The Committee then elicited over 2500 opinions from 1500 stakeholders and produced a list of the 100 highest-ranked topics for CER (www.iom.edu/cerpriorities). Proposals to undertake CER are pouring forth from investigators across the land. There is no doubt that an enormous amount of data will be generated by 2015. But there is every reason to doubt whether many inferences can be teased out of these data that will actually advantage patients, consumers, or the health of the nation.
I am no Luddite. For me “evidence based medicine” is not a shibboleth; it’s an axiom.

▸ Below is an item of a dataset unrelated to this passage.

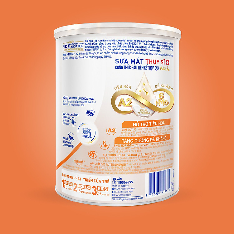 Tên sản phẩm: Sản phẩm dinh dưỡng công thức Nestlé NAN INFINIPRO A2 2 800gKhối lượng tịnh: 800g/lonĐộ tuổi phù hợp:12 – 24 thángThành phần: SỮA A2 tách kem 29% (A2 Skimmed MILK powder), LACTOSE (từ S…

Furthermore, having trained as a physical biochemist, I am comfortable with the most rigorous of the quantitative sciences let alone biostatistics. However, you can’t compare treatments for effectiveness unless you are quite certain that one of the comparators is truly efficacious. There must be a group of patients for whom one treatment has unequivocal and important efficacy. Otherwise, the comparison might discern differences in relative ineffectiveness.
The academic epidemiologists who spearheaded the CER agenda are aware of the analytic challenges but are convinced these can be overcome. I would argue that CER can never succeed as the primary mechanism to assure the provision of rational health care. It has a role as a secondary mechanism, a surveillance method to fine tune the provision of rational health care, once such is established.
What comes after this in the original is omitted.